JAMUL, Calif. – A federally recognized tribe has filed a complaint against California’s highway management agency alleging it is imposing state laws and threatening to restrict access to a proposed casino site on sovereign Indian land.

Additionally, the five-member council of the Jamul Indian Village claims that the California Department of Transportation has been successfully pressured to halt their casino plans by non-Native residents living in the rural bedroom community that surrounds the casino site and their reservation 25 minutes east of downtown San Diego.

The transportation department that goes by the name “Caltrans” said it has some jurisdiction over the construction of the project bolstered by potential safety concerns on a state highway that could stem from the casino’s construction and operation.

The complaint filed in U.S. Southern District Court in October is the latest development in a heated saga playing out in casino-heavy San Diego County for nearly a decade.

“It feels like it’s been going on since I was a little girl,” said Erica M. Pinto, vice chairwoman for the Jamul tribal council.

According to the complaint, Caltrans threatened the 50-member tribe with blocking access to the reservation if it proceeds with its casino plans unless a permit application, environmental studies and detailed construction plans are cleared by the department.

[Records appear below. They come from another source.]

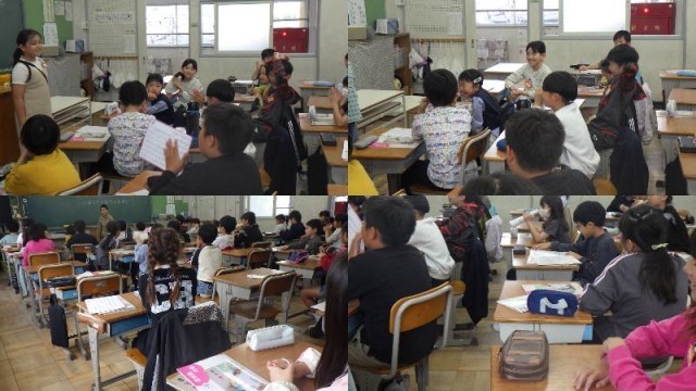 4年生の書写担当の先生が、今年度から新しくなりました。何と、小学校1年生から中学校3年生まで、すべての担任を経験した先生です!先生の自己紹介が終わり、子どもたちが順番に自己紹介をしているところでした。みんなとても張り切って自己紹介できていました。すてきな出会いの時間であったと思います。
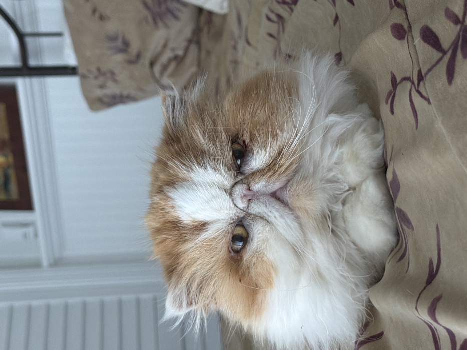 - "A bicolored Persian cat with orange and white fur is depicted lying indoors on a patterned bedspread in Rancho Palos Verdes, United States of America" by FM-RpOXy1, licensed under CC BY 4.0
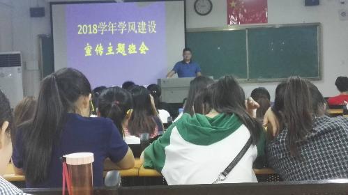 根据我校《加强学风建设专项整治工作实施方案》工作安排,9月7日下午在经济管理学院16国际会计专业一班主题为“营造优良学风 从我做起”的班会上,学工处处长刘飚围绕如何加强学风建设对同学们进行了辅导,辅导员邓雪梅主持班会。
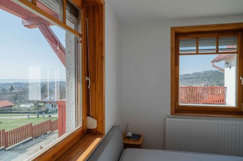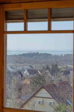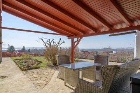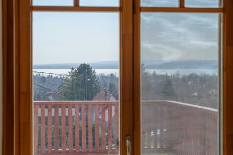 Az ingatlanról - már a kertből is - kivételesen széles kilátás tárul elénk az ezerarcú, ezerszínű tóra - előtérben a Szent Mihály kápolnával - és a Keszthelyi hegység egyik legszebb részére.
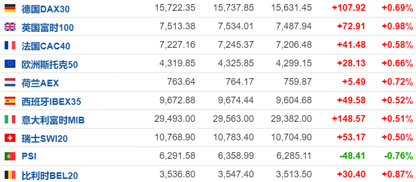 欧洲主要股指普遍上涨,截至发稿,德国DAX30指数涨0.69%,法国CAC40指数涨0.58%。
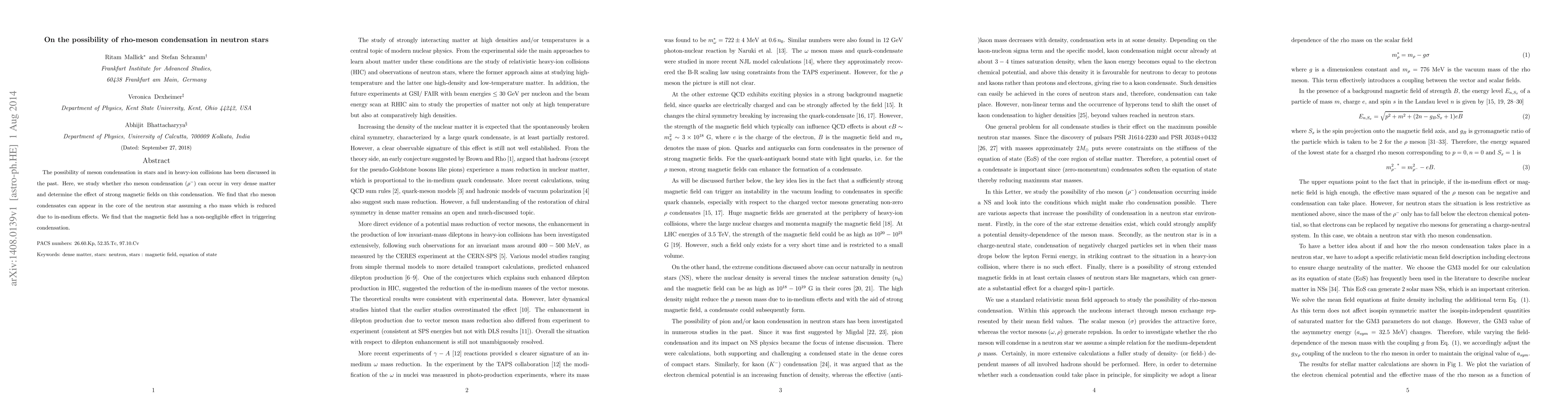 This paper investigates the potential for rho meson condensation in neutron stars, finding that such condensation can occur in the star's core under dense matter conditions, with strong magnetic fields playing a significant role in triggering this phenomenon.
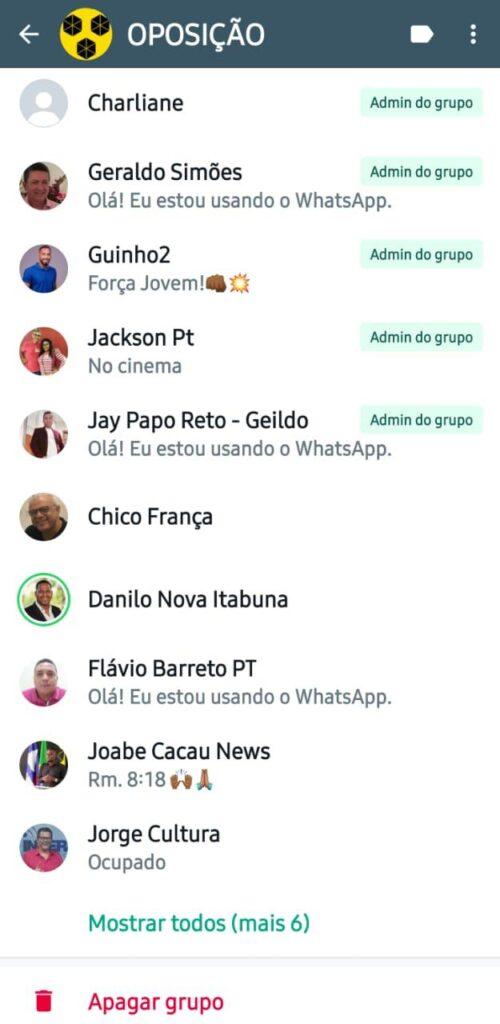 Geraldo Simões (PT), ex-prefeito de Itabuna, está à frente de um grupo de WhatsApp denominado “Oposição”. O que chama a atenção é que a maioria dos participantes tem afinidade com ACM Neto (UB) e Bolsonaro (PL). Entre os membros do grupo, destacam-se figuras como o carlista Pancadinha (SDD) e o bolsonarista Chico França (PL).

Those requirements, the tribe said, are not typically compulsory for tribes opening a casino.

“Why are we having such a hard time opening up a casino,” asked Jamul Tribal Councilman Richard Tellow. “The Jamul Rule comes into effect,” he added, referring to the term that encapsulates what he believes is the systematic political pressure unfairly stalling the project.

The tribe had initially proposed a large hotel and Las Vegas-style gaming casino after it signed a gaming compact with Gov. Gray Davis in 1999. But it has since scaled back those plans to propose a Class II, or bingo style casino, after resistance from Davis to support a 100-acre fee to trust transfer to accommodate the larger casino complex, according to the complaint. The Jamul reservation sits on two parcels totaling about six acres. Class II gaming is permitted in California without a state compact under the Indian Gaming Regulatory Act.

Caltrans Public Information Officer Edward Cartagena declined to comment on the complaint citing the ongoing litigation. Instead, he provided an Oct. 8 letter penned by a Caltrans attorney to the tribe that refutes the tribe’s claims but not specifically it’s compliant.

“The Department cannot allow an unsafe condition to exist on the state highway system and we are obligated to take action to prevent such a condition, limiting or preventing access until the traffic study is done and impacts mitigated,” the letter said.

The would-be casino entrance abuts a treacherous segment of California State Highway 94 cornered off by blind spots in both directions.

“What everybody is saying is that it’s an unsafe highway. It is. But why hasn’t Caltrans mitigated for stoplights and turn lanes,” Carlene A. Chamberlain said, a Jamul councilwoman. Robert Mesa, another tribal councilmember said the tribe was willing to mitigate impacts.

The Caltrans letter also said that the documents were not a “special requirement for the tribe but is the method the department uses for all development, public or private, that has impacts on the state highway system.”

But the Jamul leadership suspects that intense opposition by the group, Jamulians Against the Casino and a San Diego County elected supervisor that lives in the community lobbied Caltrans to single out the tribe.

Dianne Jacob, the supervisor and a staunch opponent of the casino said in an e-mail statement through her spokeswoman, that she has not lobbied CalTrans.

“If I didn’t live in Jamul, I would still be opposed to this project. It is dangerous, deadly and incompatible with the community,” she said. Jacob has half a dozen Indian casinos in her district.

Jumal Indians also said that the opposition group has harassed and shadowed Jamul Indians and their contractors. Graffiti opposing the casino marks half-built retention walls on the reservation. An e-mail sent to the group for comment was not returned.

The complaint is asking the court to both settle the matter and stop Caltrans from restricting access to the reservation.